── Exercise input

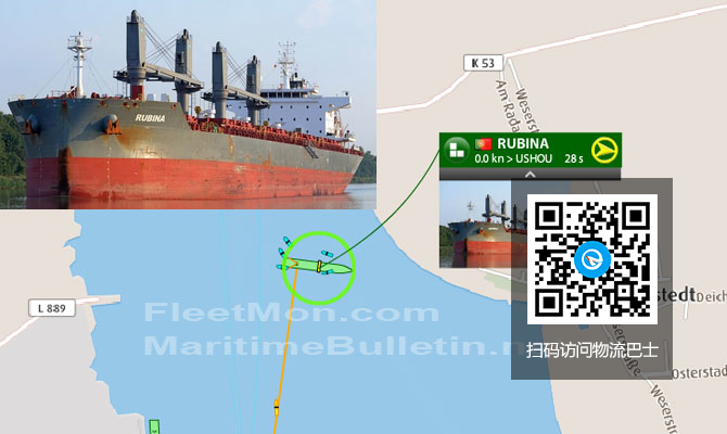 散货船 "RUBINA "号在德国威瑟河搁浅
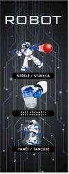 Der Roboter bewegt sich vorwärts, rückwärts und dreht sich zur Seite. Drei Tanzmelodien mit Lichteffekten bringen jede Party in Schwung.
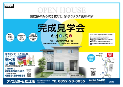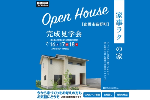『家事ラクの家-荻杼-|完成見学会』アイフルホーム出雲店
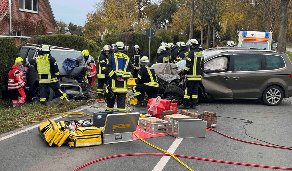 Unfall auf einer Landstraße in Horneburg im Kreis Stade: Samstagnachmittag Sind Zwei Kleinbusse prallten frontal ineinander. Vier Menschen wurden verletzt, einer von ihnen wurde mit dem Hubschrauber ins Krankenhaus geflogen.
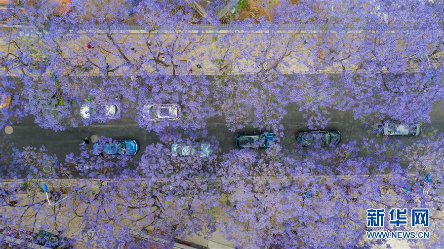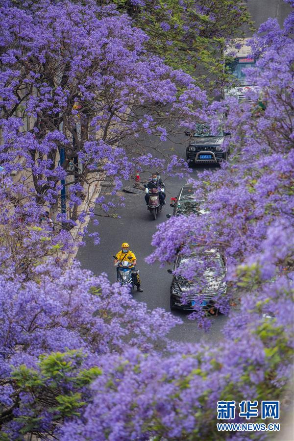 這是5月2日在昆明市教場中路拍攝的藍(lán)花楹。近日,云南省昆明市部分街區(qū)的藍(lán)花楹競相開放,為春城增添靚麗風(fēng)景。新華社記者藺以光攝
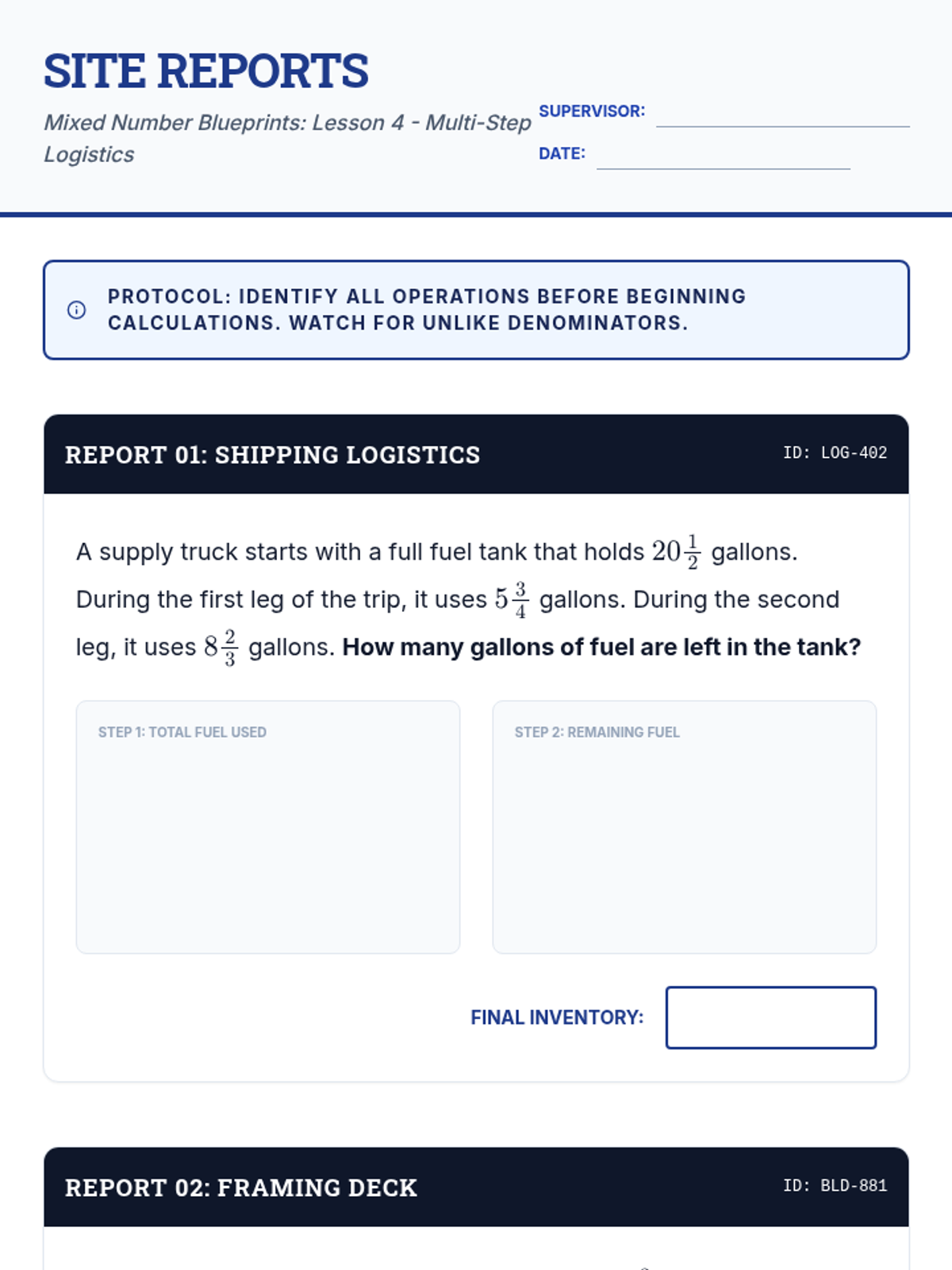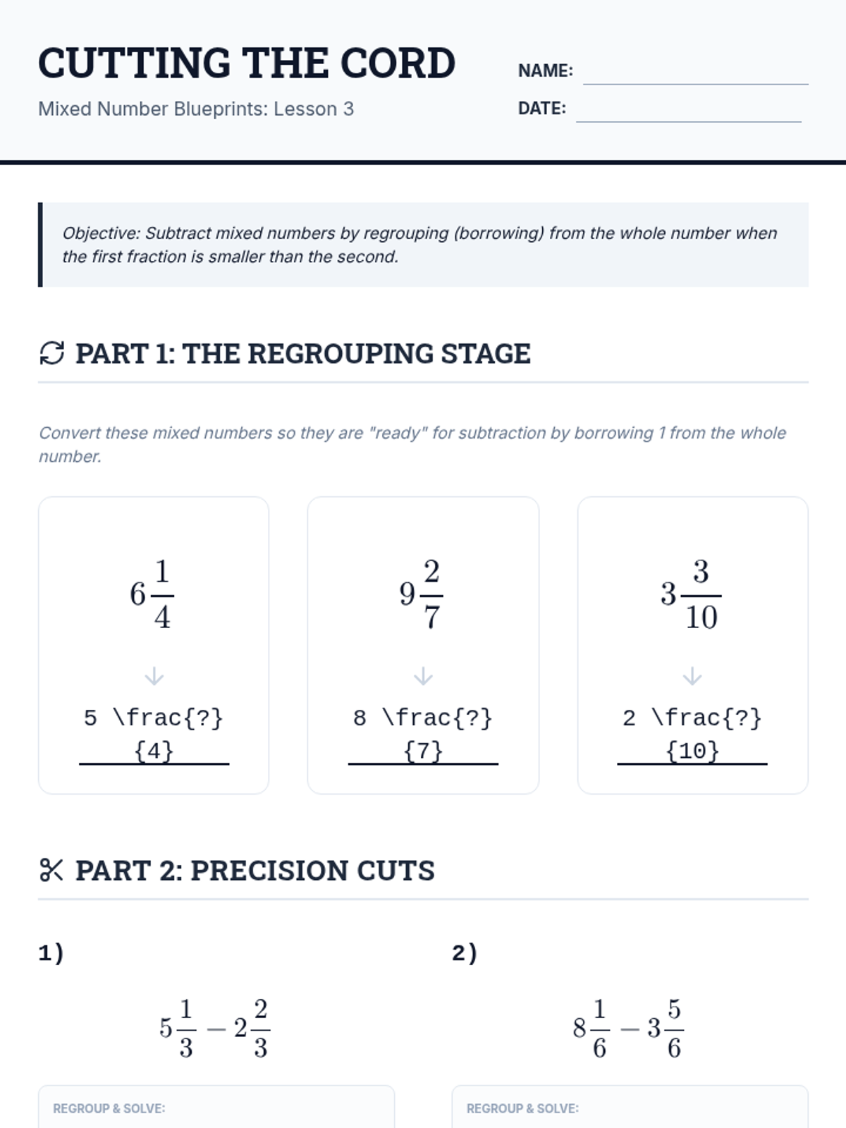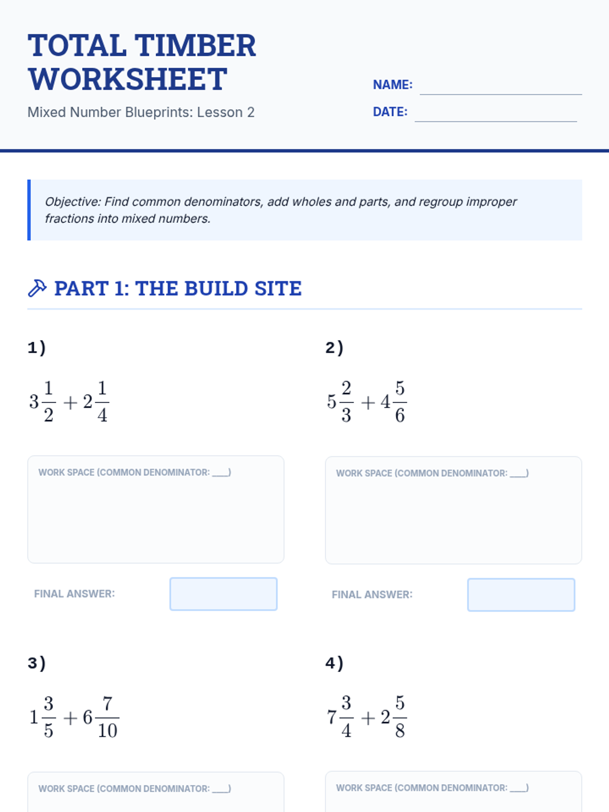 A comprehensive math sequence for 6th graders focusing on adding and subtracting mixed numbers with an emphasis on regrouping and real-world application through an architectural lens. Students progress from estimation to complex multi-step problems and a final tiny home design project.

────

## The task
Could you return each line, unchanged, from the line containing "Unfall auf einer" through the last line of the entries above, leaving out the pictures?

## Worked solution
 Unfall auf einer Landstraße in Horneburg im Kreis Stade: Samstagnachmittag Sind Zwei Kleinbusse prallten frontal ineinander. Vier Menschen wurden verletzt, einer von ihnen wurde mit dem Hubschrauber ins Krankenhaus geflogen.
 這是5月2日在昆明市教場中路拍攝的藍(lán)花楹。近日,云南省昆明市部分街區(qū)的藍(lán)花楹競相開放,為春城增添靚麗風(fēng)景。新華社記者藺以光攝
 A comprehensive math sequence for 6th graders focusing on adding and subtracting mixed numbers with an emphasis on regrouping and real-world application through an architectural lens. Students progress from estimation to complex multi-step problems and a final tiny home design project.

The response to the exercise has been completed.